En el paquete de motivación inicial para comenzar el gym y la dieta, también viene una porción de culpa; es para que la consumas cuando las porciones de motivación inicial se acabaron.
Me pasó y no me gustó, pero un día dije basta. Menos culpa, más aceptación y equilibrio -según nuestros propios parámetros- es todo lo que necesitamos las mujeres para vernos y sentirnos bien.
Un par de años después de mi segundo parto, cuando esos kilitos demás parecían estar tan cómodos conmigo que no pretendían irse, llegó un día en que me harté. Ya no recuerdo si fue un video inspirador de la blogger-fitness-star del momento o unos jeans que ya no me quedaban, lo que me regaló una experiencia cristalizante.
La cosa es que me decidí a dar el gran paso, busqué asesoramiento profesional, lo tomé en serio y muy pronto comencé a ver resultados.
Fue sensacional. Admito que me (obse) entusiasmé bastante. Mi entrenador Pablo Rivas estaba orgulloso de mis logros y de esa disciplina, que ni yo me la creía.
Un año entero de ir al gimnasio todos los días, cuidarme en las porciones y organizar todas mis comidas dieron efecto.
La gente me decía: ¡Qué flaca! ¡Qué cuerona! ¡Qué linda! Hasta me empezaron a decir de nuevo “señorita” en lugar de “señora”. Nambré, halagos por todos lados.
Pero después, como muchas veces pasa en la vida, la motivación decae. Comencé a ir menos al gimnasio, a darme más gustos con ciertas delicias culinarias y…
¡No! Si creés que ahora llega el momento en que te diga “Subí todo otra vez y estoy hecha pelota” lamento decepcionarte, porque orgullosamente te digo que me mantengo en línea y bastante bien.
Eso sí, ya no igual que en esa época (cuando llegué a tener un cuerpo marcadito, pancita plana, todos los chiches.) Digamos que ahora tengo el cuerpo de una persona -con buena genética- que se alimenta bien, se da sus gustos culinarios y mantiene un nivel de actividad física aceptable. Hasta ahí.

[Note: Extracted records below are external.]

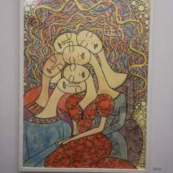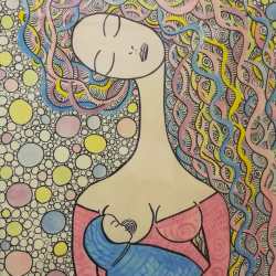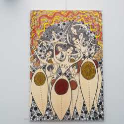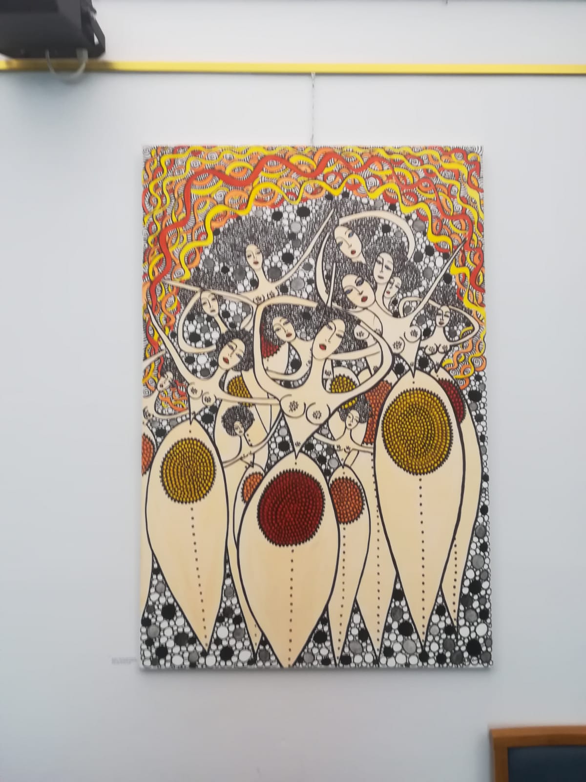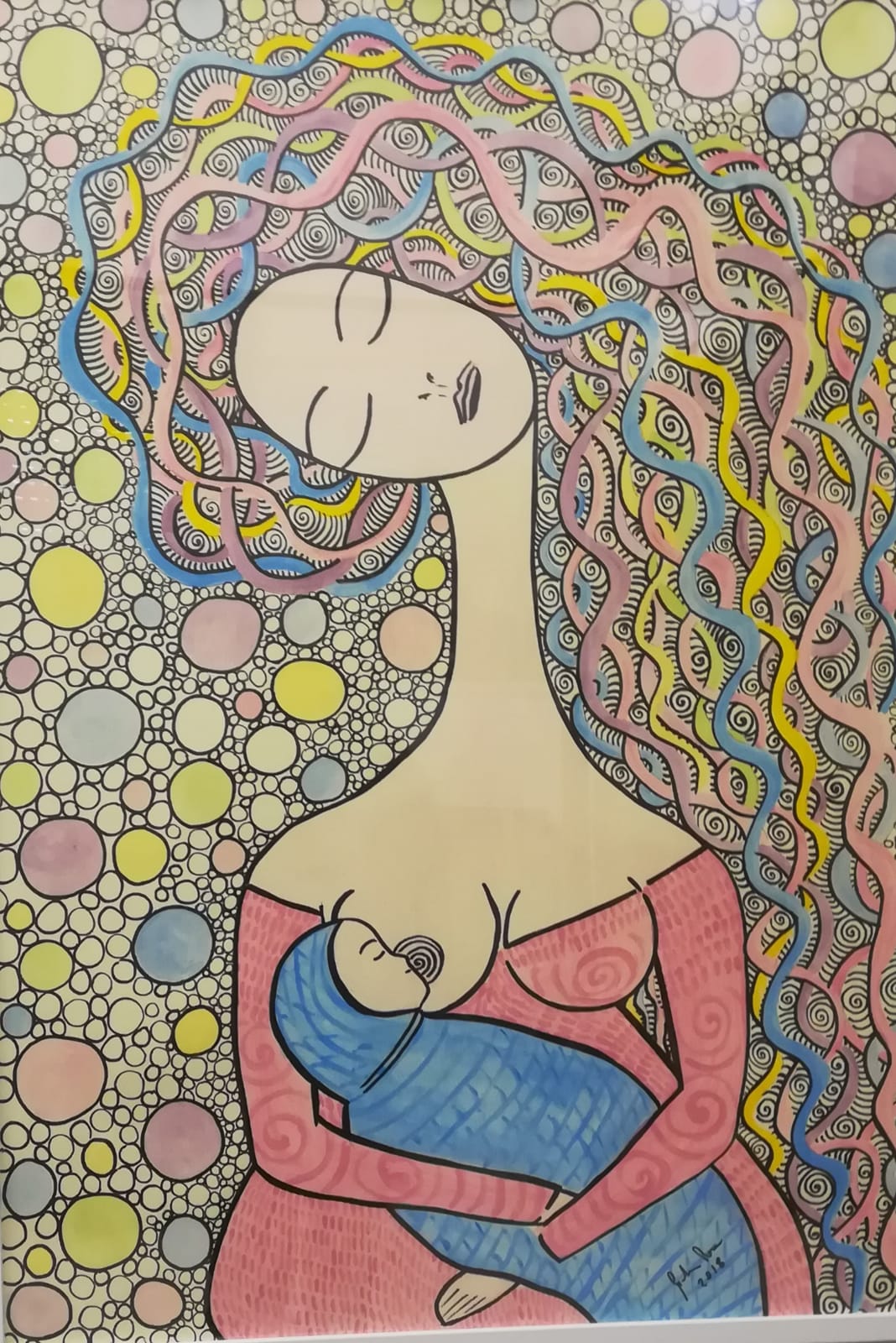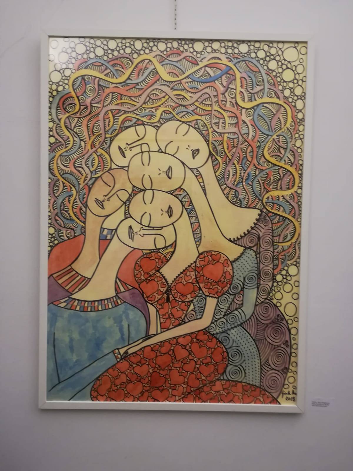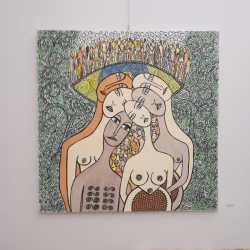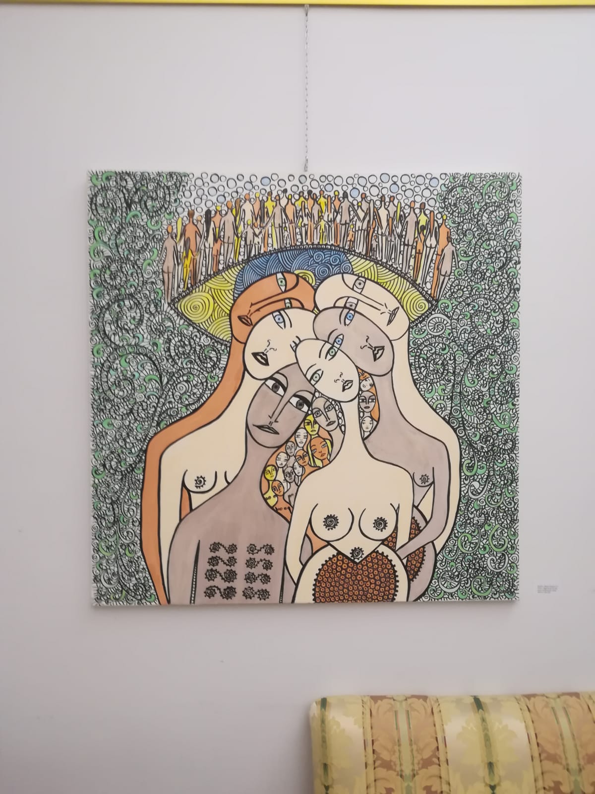 Una vivacità che si colloca nella dimensione ritrovata. Una pace interiore carica di carisma e di luce. Sono figure sinuose, quasi sempre donne che si chinano le une sugli altri, che abbracciano un bimbo, che generano altre vite in un ventre- involucro a forma di melograno segno dell’abbondanza e della procreazione. La matrice “genere umano alla ricerca di una meta” è evidente così come il senso di solidarietà che accompagna alcuni dipinti le cui sagome nude o a mani tese cercano accoglienza. Le radici sono alberi e poi sono mare, meno ancorate e aperte al cambiamento. Colori che rubano l’attenzione in un unicum di corpi, di seni accennati, di folti capelli e di abbracci.
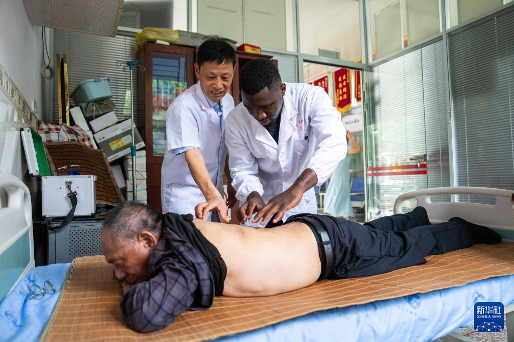 6月18日,在湖南湘江新区金山桥街道金坪社区卫生室,加纳籍留学生亚瑟(右)为社区老人推拿、义诊。
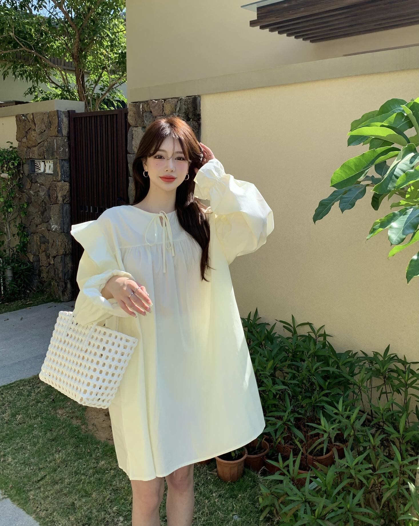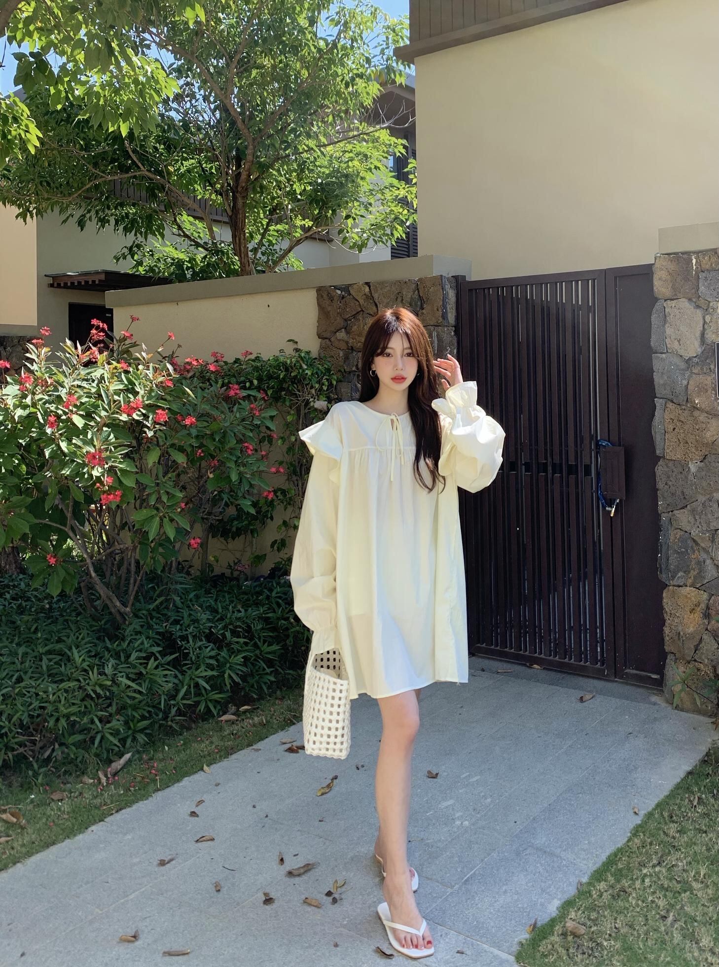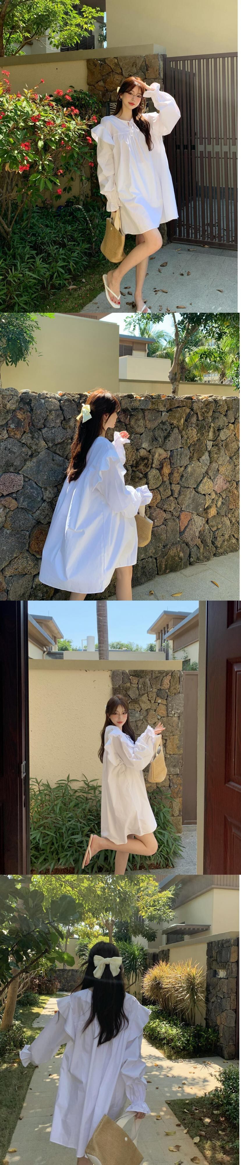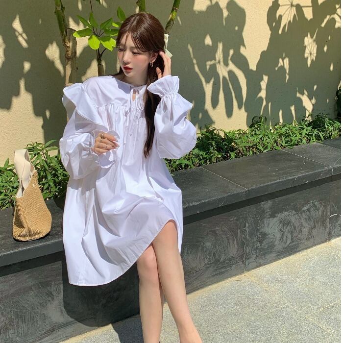 ホワイトワンピーススタンダードスプリングスカート Aライン レトロ 春物 MONROE87581847422
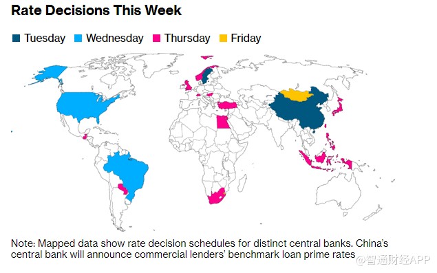 包括美联储在内的全球多家央行本周将陆续公布利率决议。预计全球主要央行本周累计加息超过500个基点,如果官员们选择更激进的举措,加息幅度可能会更大。
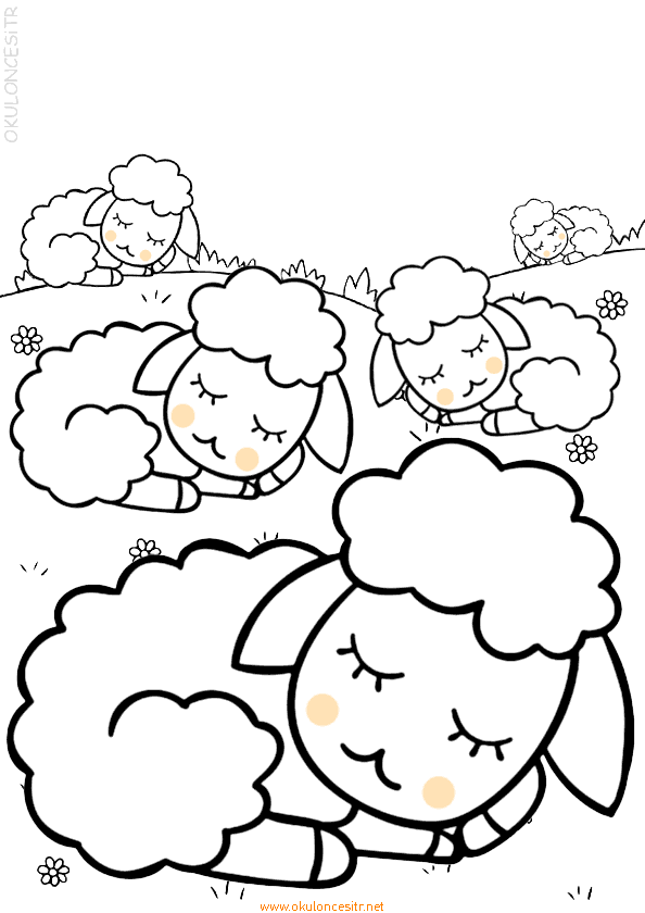 Uyuyan koyun boyama sayfası ve yerde uyuyan kuzular boyamaları oyunu, renkli çizimi siyah beyaz kalıbı boyaması, basit, zor, kolay yavru keçi koyun kuzu boyama sayfaları kitabı. Koyun nasıl çizilir, ücretsiz çıkartın ya da resimleri pdf indir, kalıp yazdır. Kindergarten, preschool kids free goat lamb sheep coloring pages download and printables.

Pero te confieso que cuando empecé a “degenerar” el gym me carcomía la culpa. No entendía cómo ya no estaba tan motivada como antes, añoraba las épocas en que ese entusiasmo me movilizaba. Hasta que un día dije basta. Y lo decreté:
Decidir aflojar con el gym y ese marcado control de la alimentación, debe ser una decisión consciente, no por flojera y acompañada de culpa.
Analicé el costo que tiene lograr y mantener un cuerpo así, las privaciones y la disciplina que requiere, y me pregunté si realmente quiero eso como un factor protagónico en mi vida. La respuesta ya la sabés.
Pero lo importante es que sólo decidí cambiar el nivel de dedicación, no desplazarlo por completo. Aquí es donde se ve lo fundamental de lograr el equilibrio.
Supe, por mi propia experiencia lo bien que se siente y lo mucho que influye en muchos aspectos de mi vida, no sólo en el físico, llevar un estilo de vida con buena alimentación y actividad física, y eso no quise dejarlo. Aprendí muchísimo en toda esa época, y después elegí tener un equilibrio, según lo que yo priorizo en mi vida.
Hoy veo a esa época de mi alto rendimiento en el gimnasio como un viaje a un país extranjero que me encantó en su momento, fue genial, pero no para quedarme a vivir ahí, aunque sí para visitarlo periódicamente, siempre.